1. An embedded attitude estimation method based on unmanned aerial vehicle scout images is characterized by specifically comprising the following steps:

step 1: acquiring an original unmanned aerial vehicle scout image data set, and performing data enhancement processing on the original unmanned aerial vehicle scout image data set;

step 2: performing labeling processing on the original unmanned aerial vehicle reconnaissance image data set obtained in the step 1 to obtain a training data set with a label;

and step 3: constructing a lightweight attitude estimation network, and training the lightweight attitude estimation network by using the training data set;

and 4, step 4: the method comprises the steps of obtaining an unmanned aerial vehicle scout image to be processed, preprocessing the unmanned aerial vehicle scout image, inputting the preprocessed unmanned aerial vehicle scout image into a trained lightweight attitude estimation network to obtain a portrait feature map, and estimating the portrait attitude according to the portrait feature map.

2. The embedded pose estimation method according to claim 1, wherein in step 1, the data enhancement process comprises dilation, erosion and bilateral filtering operations.

3. The embedded pose estimation method according to claim 1, wherein in the step 2, labeling processing for adding labels is realized by an image labeling tool.

4. The embedded pose estimation method of claim 1, wherein in step 3, the lightweight pose estimation network comprises a convolutional layer, a pooling layer, a channel separation module, a multi-level hourglass network composed of a plurality of pyramid residual modules, and a channel mixing module.

5. The embedded pose estimation method of claim 4, wherein the convolutional layers are depth separable convolutional layers, including depth convolution processing and point convolution processing.

6. The embedded pose estimation method of claim 5, wherein the depth separable convolutional layer is specifically operable to:

wherein K, M, O are all positive integers.

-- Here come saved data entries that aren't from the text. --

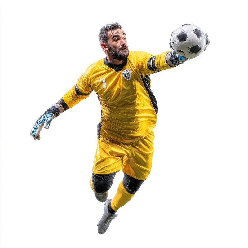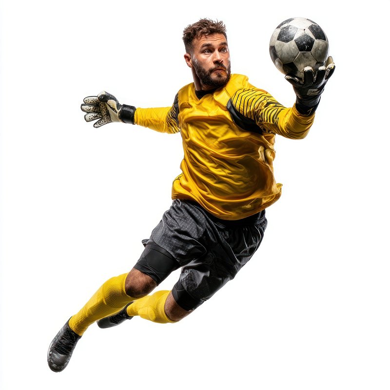 PNG Goalkeeper in mid-air ball soccer sports. https://www.rawpixel.com/image/15559680/png-goalkeeper-mid-air-ball-soccer-sportsView license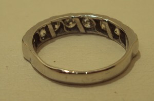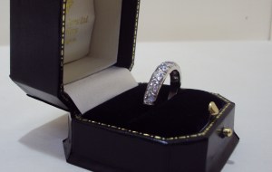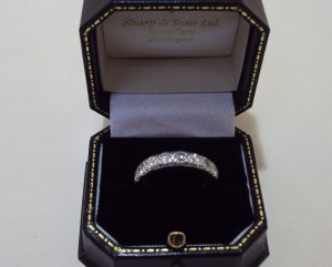 This is an eye-catching half eternity ring. The eight diamonds are set in a smooth claw setting and the ring is comfortable to wear. The eight stones are equal in size and the total diamond weight is 0.80ct over the eight stones. The bright white colour of the gold and the stones compliment each other well. The shank is substantial and the ring has a rubbed edge smooth feel to it. UK size Q 1/2, this ring can be resized in the workshop on our premises.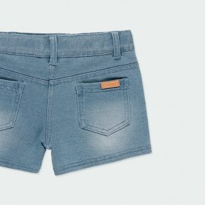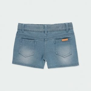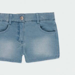 Short de felpa tejanera elástica de niña en color bleach, se abrocha con botón, la cintura se ajusta con goma de ojales y botón interior. La decoración es una etiqueta con detalle de la marca. Esta prenda lleva unos desgastados que le dan un aspecto más envejecido.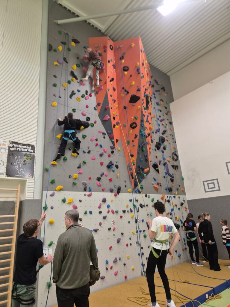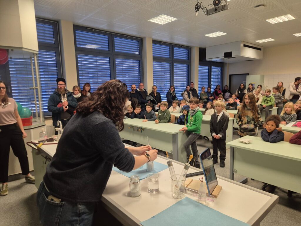 Im weiteren Verlauf erwartete die Gäste ein buntes Programm: eine Bücher-Rallye mit tollen Preisen, Show-Experimente in der Chemie, Mitmachtheater der Gruppe Darstellendes Spiel, einmal selbst Fossilien präparieren am Aktivstand des Naturerlebniszentrums Nettersheim und vieles mehr. Vertreter der Junior Uni waren ebenfalls anwesend und luden dazu ein, die virtuelle Welt mittels VR-Brillen zu erkunden. Die Lehrerinnen und Lehrer stellten ihre Räume, Fächer und Arbeitsgemeinschaften mit Begeisterung vor und öffneten sich den Fragen ihrer interessierten großen und kleinen Gäste. Zudem gab es wie in jedem Jahr wieder die Möglichkeit am „Schnupperunterricht“ teilzunehmen. Das Highlight für viele Besuche war die neue Sporthalle, an der sich die Kinder auch an der Toprope-Kletterwand und einem Hindernisparcours austoben konnten.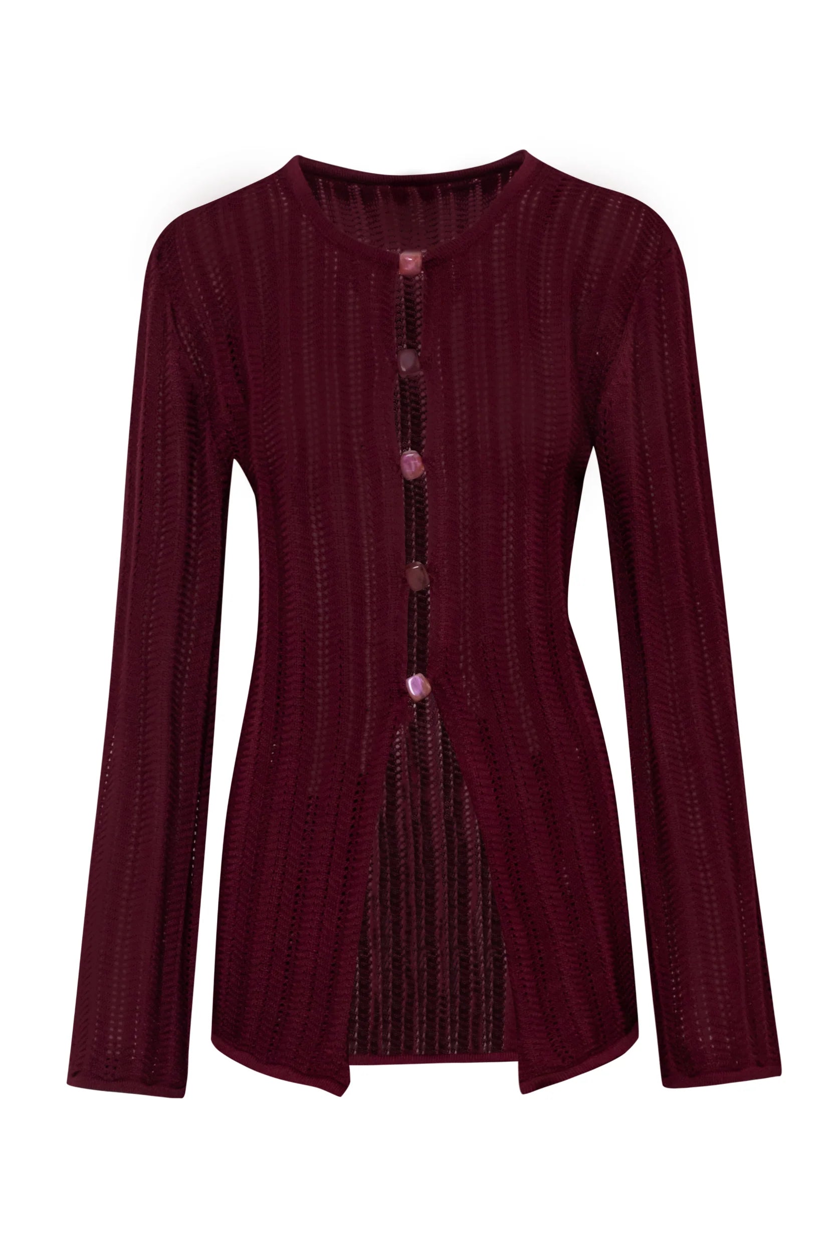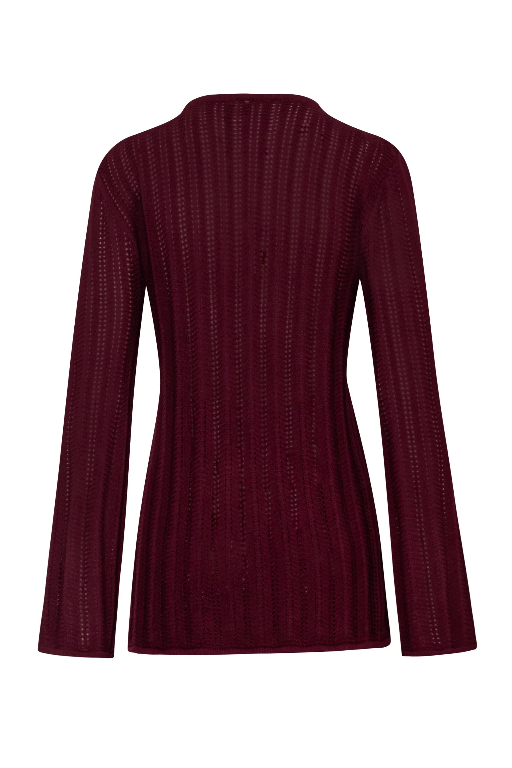 Introducing the "Corsica Top" in Burgundy – a sheer knit top detailed with front cutouts and a central opening. Designed with a round neckline, long sleeves, and embellished accents. Unlined for a lightweight finish. Pair it with the matching bottom for a coordinated look.

7. The embedded pose estimation method of claim 4, wherein the channel separation module comprises a plurality of independent feature channels.

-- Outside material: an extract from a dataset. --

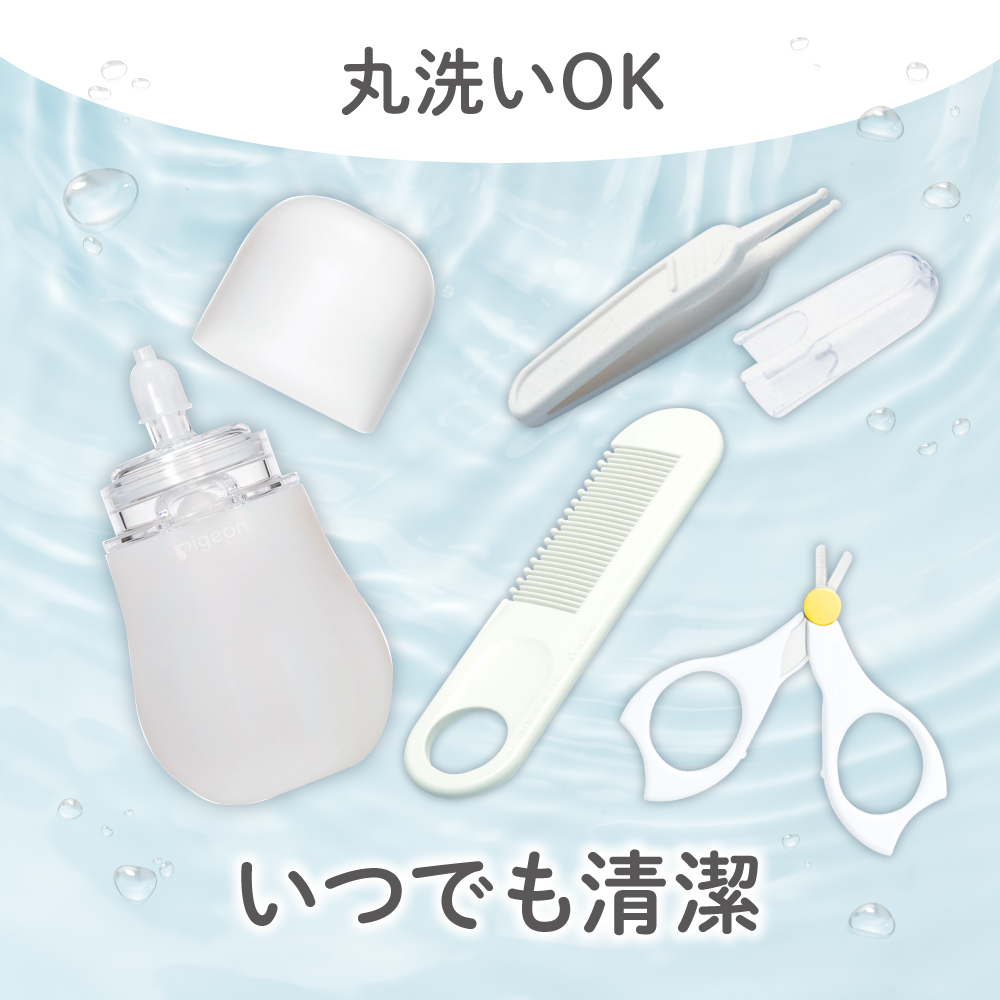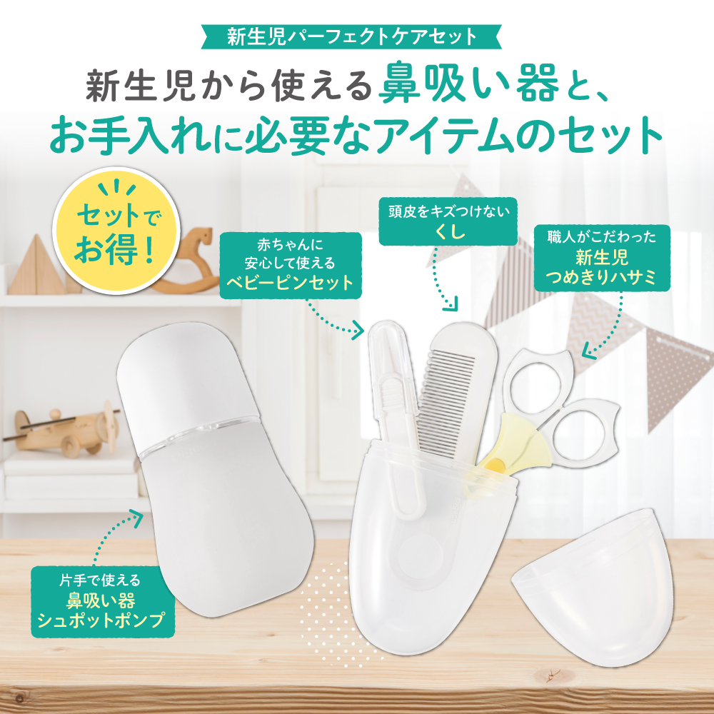 手動鼻吸い器+新生児おていれセット。

8. The embedded pose estimation method according to claim 4, wherein the step 4 specifically comprises:

step 42: inputting the unmanned aerial vehicle scout image obtained in the step 41 into the trained lightweight attitude estimation network, and performing pooling and convolution to obtain a first characteristic diagram;

step 43: after the first characteristic diagram is input into the multi-stage hourglass network through the channel separation module, a plurality of second characteristic diagrams are output;

9. A computer-readable storage medium, on which a computer program is stored which, when being executed by a processor, carries out the steps of the method according to any one of claims 1 to 8.

10. A computer device comprising a memory, a processor and a computer program stored on the memory and executable on the processor, characterized in that the steps of the method according to any of claims 1 to 8 are implemented when the program is executed by the processor.